Wednesday, March 14, 2012

The Green of Breakable Things

. . . is the first chapter of six in Colleen S. Harris's whisperesque book of memory, geography-infused poems, The Kentucky Vein.  It is also the title of the first poem within this chapter, as well as the poem's closing line.  What does "the green of breakable things" mean? 

The opening lines reveal a hand-painted vase, owned by the speaker's mother and selected from her things when she died, shattering on the floor.

Before it shattered, the speaker displayed this vase for her mother's "anniversary," which, I assume, is her death anniversary, but hid it in her bureau for the winter.  Was it hidden only for the three-month season of winter?  Or does "winter" here mean the heart-cold remainder of the year when our loved ones are not immediately recalled?  And if so, why does the speaker self-inflict the cold by removing an object which would spark the memory of her mother?  Is it too painful to see the vase every day, either because of guilt or because of longing?  Or is it more painful hiding it?  Is the pain wanted as a type of punishment or necessary trial?  Was her relationship with her mother, and therefore this vase, based on obligation or desire?  

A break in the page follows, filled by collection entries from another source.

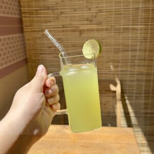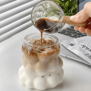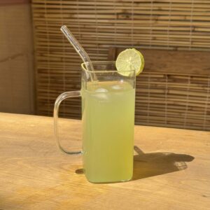 لیوان پیرکس درب بامبو مدل B به همراه نی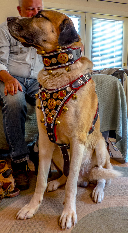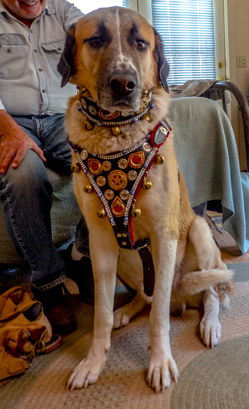 It's BEAUTIFUL dog regalia, for sure, but I can understand the less-than-enthusiastic look on his face. As a Livestock Protection Dog, it's kinda hard for any wolves or coyotes(much less bears or cougars) to take him seriously in that get-up!…..L.B.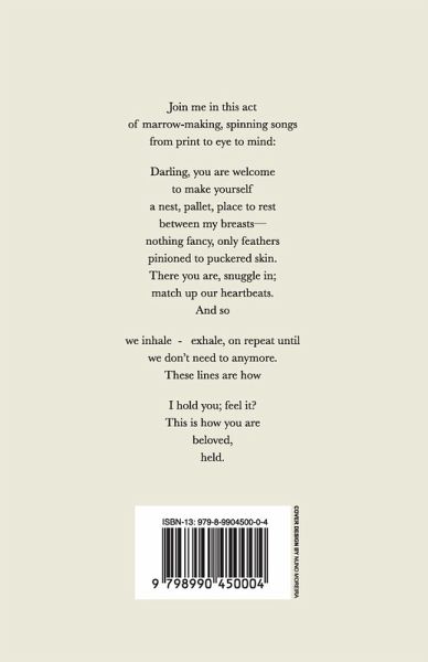 Join me in this actof marrow-making, spinning songsfrom print to eye to mind: Darling, you are welcometo make yourselfa nest, pallet, place to restbetween my breasts-nothing fancy, only featherspinioned to puckered skin.There you are, snuggle in,match up our heartbeats.And so we inhale - exhale, on repeat untilwe don't need to anymore.These lines are how I hold you; feel it?This is how you arebeloved,held.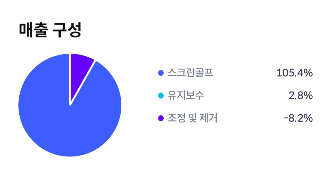 골프존은 스크린골프 105.4%, 유지보수 2.8%, 조정 및 제거 -8.2%의 매출 구성을 하고 있습니다. 매출의 50%이상이 스크린골프 105.4%로 구성되어 있습니다.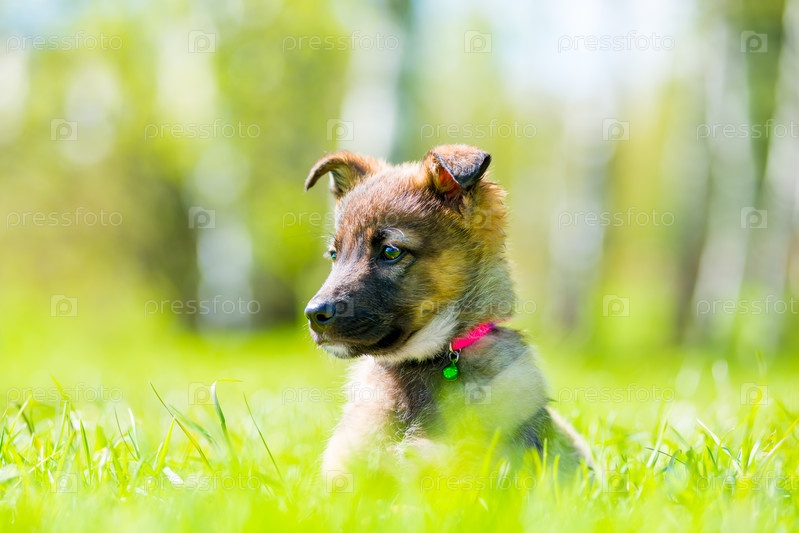 Маленькое щенко позирует, сидя в зеленой траве на лужайке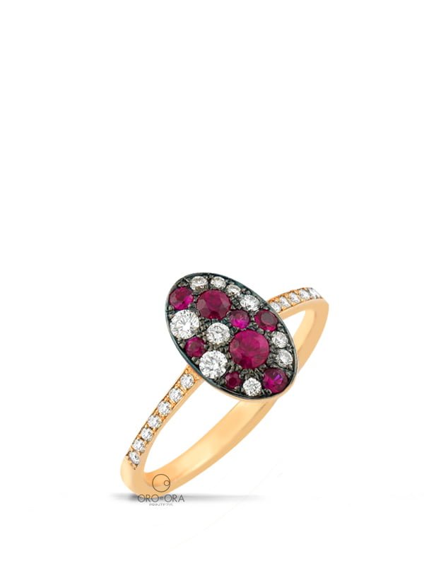 Δαχτυλίδι Ροζ Χρυσό 18K με Διαμάντια και Ρουμπίνια

In the same lines where the vase shatters, flowers grow through the cracks of the wooden floor planks, through the shards.  Here is a bittersweet (hopeful or saddening?) image of life sprouting amidst, even through death, which echoes in the closing line: "I am the fresh-cut green of breakable things."  Though the speaker is alive and vigorous--"fresh green"--she is fragile from a line of fragility.  She is breakable.